Jule et le grand Auguste ont choisi dans leur sang,
880Ou dans leur alliance, à qui laisser ce rang.
Moi, sans considérer aucun nœud domestique,
J’ai fait[1] ce choix comme eux, mais dans la République[2] :
Je l’ai fait de Pison ; c’est le sang de Crassus,
C’est celui de Pompée, il en a les vertus,
885Et ces[3] fameux héros dont il suivra la trace
Joindront de si grands noms aux grands noms de ma race,
Qu’il n’est point d’hyménée en qui l’égalité
Puisse élever l’empire à plus de dignité.

CAMILLE.

J’ai tâché de répondre à cet amour de père
890Par un tendre respect qui chérit et révère,
Seigneur ; et je vois mieux encor par ce grand choix,
Et combien vous m’aimez, et combien je vous dois.
Je sais ce qu’est Pison et quelle est sa noblesse ;
Mais si j’ose à vos yeux montrer quelque foiblesse,
895Quelque digne qu’il soit et de Rome et de moi,
Je tremble à lui promettre et mon cœur et ma foi ;
Et j’avouerai, seigneur, que pour mon hyménée
Je crois tenir un peu de Rome où je suis née.
Je ne demande point la pleine liberté,
900Puisqu’elle en a mis bas l’intrépide fierté ;
Mais si vous m’imposez la pleine servitude,
J’y trouverai, comme elle, un joug un peu bien rude.

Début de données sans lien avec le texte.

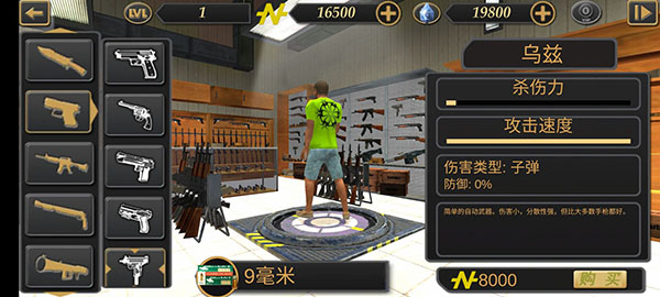 价格:8000金币,伤害类型:子弹;使用9毫米子弹,杀伤力极低,攻击速度极快;简单的自动武器,伤害小,分散性强,但比大多数手枪都好。
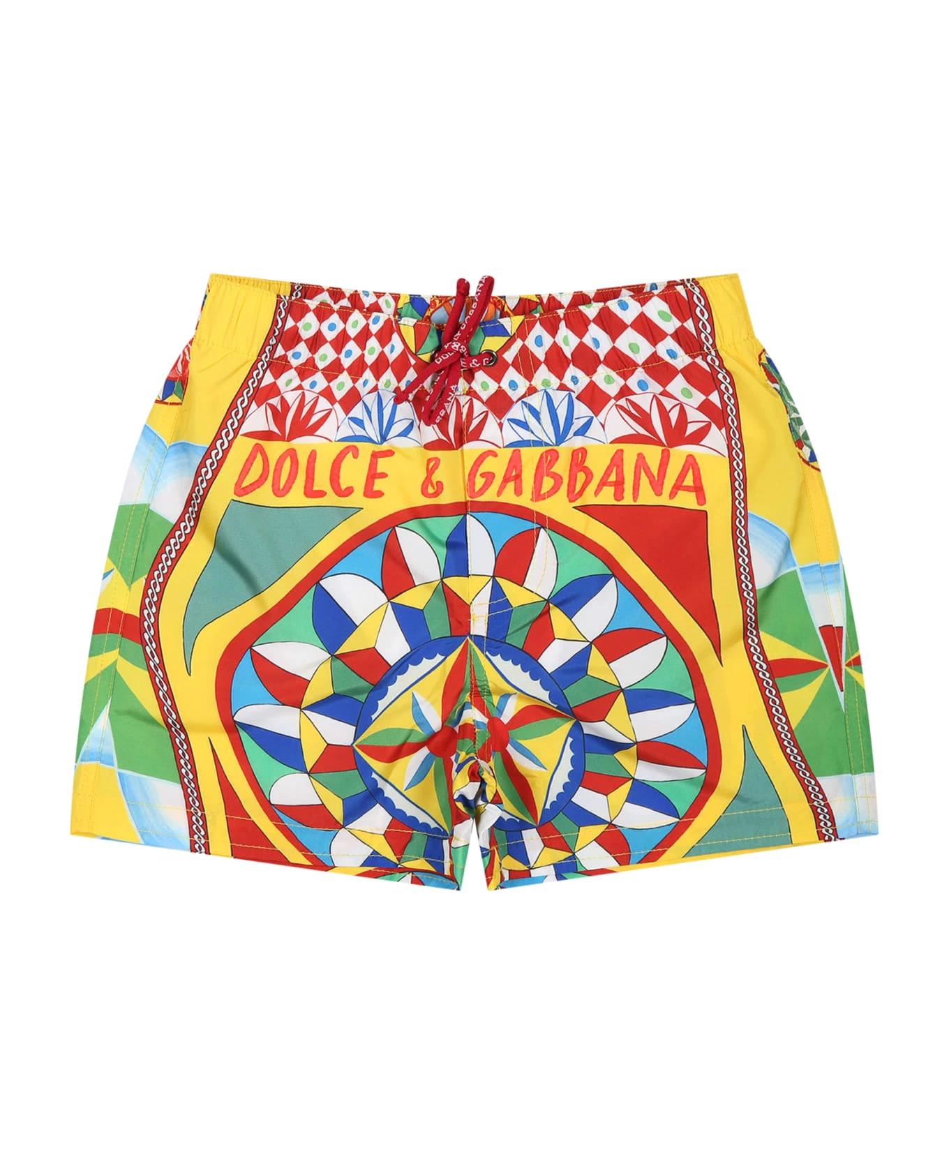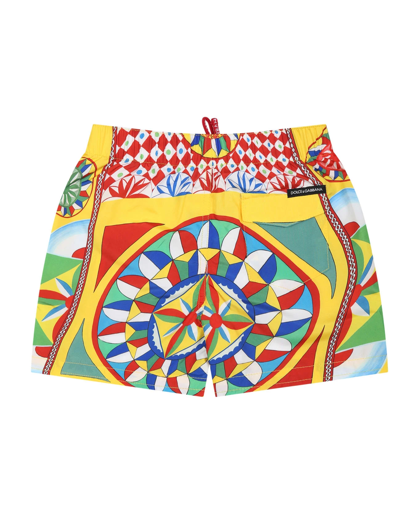 Yellow swim boxer, with elastic and drawstring waist, back pocket. It is embellished with red logo on the front and all-over iconic cart print.

  1. Par une singulière erreur, les éditions de 1665, de 1666 et de 1668 portent : Fut fait ; et l’édition de 1682 : Eut fait, pour J’ai fait.
  2. Augustus in domo successorem quæsivit ; ego in republica. (Tacite, Histoires, livre I, chapitre xv.) Pour les vers suivants, voyez le commencement de ce même chapitre xv.
  3. L’édition de 1682, encore par erreur évidemment, donne ce, au lieu de ces.